This list of commodity ETFs is an easy way to invest in raw materials.
The rate of inflation hit the highest level since 1990 this October, with prices jumping 6.2% over the prior year. The big drivers, unsurprisingly for those who have been out shopping or filling up the car lately, were food and fuel prices. There are serious implications for many asset classes when prices rise in this fashion, as consumers often have less money to spend and some businesses see their profit margins shrink materially. But perhaps the simplest and most direct way to invest with inflation in mind is to buy into raw materials, including key commodities such as oil, copper and soybeans. If you’re interested in that approach, here are eight exchange-traded funds that let you invest directly in commodities.
Invesco Optimum Yield Diversified Commodity Strategy No K-1 ETF (ticker: PDBC)
The largest commodity ETF out there as measured by assets under management, this nearly $7 billion fund is an actively managed ETF that does not follow a fixed index but rather focuses on around 15 heavily traded commodity futures contracts as well as “swaps” to gain exposure to key commodity markets including oil, natural gas, corn and copper, among others. Also, the “No K-1” in its name speaks to the fact that PDBC doesn’t offer the more burdensome K-1 tax form issued by partnerships that include commodity firms and even some commodity fund sponsors. The result is a simple and effective way to play commodities without the hassle of other strategies. PDBC’s expense ratio is 0.59%, or $59 for every $10,000 invested annually.

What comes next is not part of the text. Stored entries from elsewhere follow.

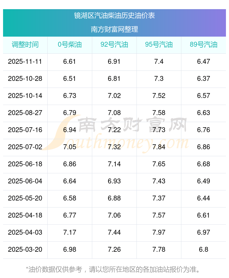 鏡湖區(qū)汽油、柴油11月15日每升的價格是多少?11月11日調(diào)整后的價格詳情如下:92號汽油6.91元;95號汽油7.4元;89號汽油6.47元;0號柴油6.61元。
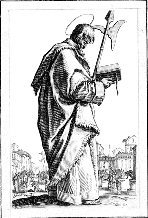 Description: A portrait of the Apostle Matthias with his attribute the axe. The Apostle Matthias replaced Judas Iscariot after Judas' betrayal. The etchings in this book were done by Jacques Callot (1592-1635).
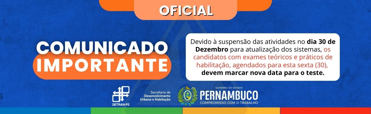 O Departamento Estadual de Trânsito (Detran-PE) esclarece que, devido à suspensão das atividades no dia 30 de dezembro para atualização dos sistemas do órgão, os candidatos com exames teóricos e práticos de habilitação, agendados para esta sexta-feira (dia 30), devem marcar nova data para o teste. O reagendamento pode ser feito por meio das auto escolas ou diretamente no site – www.detran.pe.gov.br, conforme os dias da preferência do candidato. A Diretoria de Operações do Detran-PE esclarece ainda que, além dos dias da semana, novas vagas estão sendo liberadas aos sábados, ampliando a capacidade de atendimento para a população.
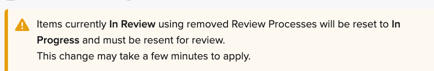 Note: assigning a review process removes the Auditor checkboxes from the Manage Collaborators section. Also, when making changes to the Review process selection you may see a warning notifying you that any In "Needs Review" entries will need to be resent for review.
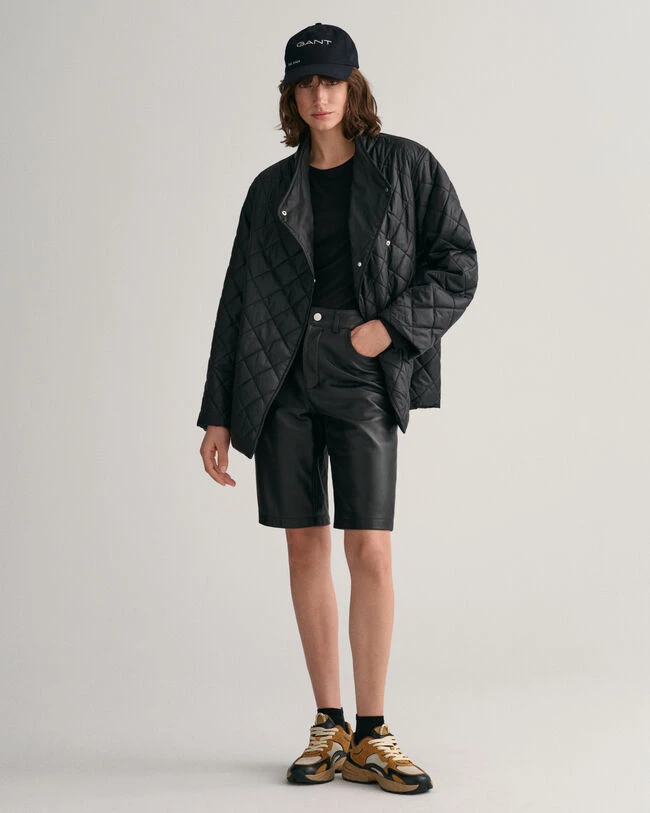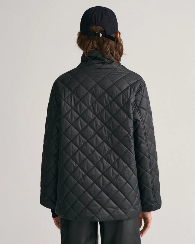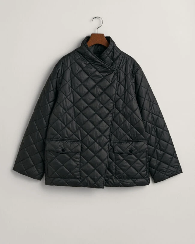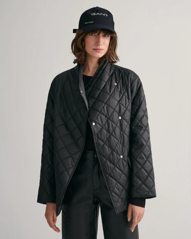 Constructed from lightweight certified recycled polyester throughout the entirety of its design, this quilted jacket is treated with a water-repellent finish. Fully lined and featuring diamond quilted padding, this jacket is cut for a regular fit that is straight through the body, relaxed at the sleeves and finishes at hip length. Further design details include an asymmetrical front closure, a stand-shaped collar, patch pockets and snap buttons. Designed to be layered, style over pants, tees, knits and more.

Invesco DB Commodity Index Tracking Fund (DBC)
Another popular Invesco commodity fund, the $3 billion DBC is similar in that it follows the most widely held commodities and gains exposure to these materials via futures contracts. But right now, the makeup of the portfolio is decidedly different than the prior fund in that the top four positions are much more heavily weighted toward fossil fuels, with gasoline and diesel futures comprising more than 24% of total holdings. Crude oil makes up about 24% of the fund’s holdings after that, making the fund a decidedly energy-focused investment. That said, energy prices have been soaring, so this fund is up more than 40% in 2021 to easily outperform the S&P 500. DBC’s expense ratio is 0.85%.
iShares GSCI Commodity Dynamic Roll Strategy ETF (COMT)
This nearly $3 billion iShares fund is a more sophisticated offering that deploys a “dynamic-roll” strategy. While it is similar to the prior funds in that it offers access to commodities across energy, metals and agriculture, it minimizes the expenses and tax burdens that can come from commodity investing through a combination of futures, options and swaps trading. This is not particularly unique to COMT, but what the fund does offer is a more strategic approach to “rolling” short-term contracts into longer-term contracts. In other words, rather than just selling futures or options based on a day in the calendar, this fund seeks out the maximum profit opportunity when it rolls those positions forward. Thanks in part to this approach, COMT is sitting on an impressive gain of about 40% this year. COMT’s expense ratio is 0.48%.
First Trust Global Tactical Commodity Strategy Fund (FTGC)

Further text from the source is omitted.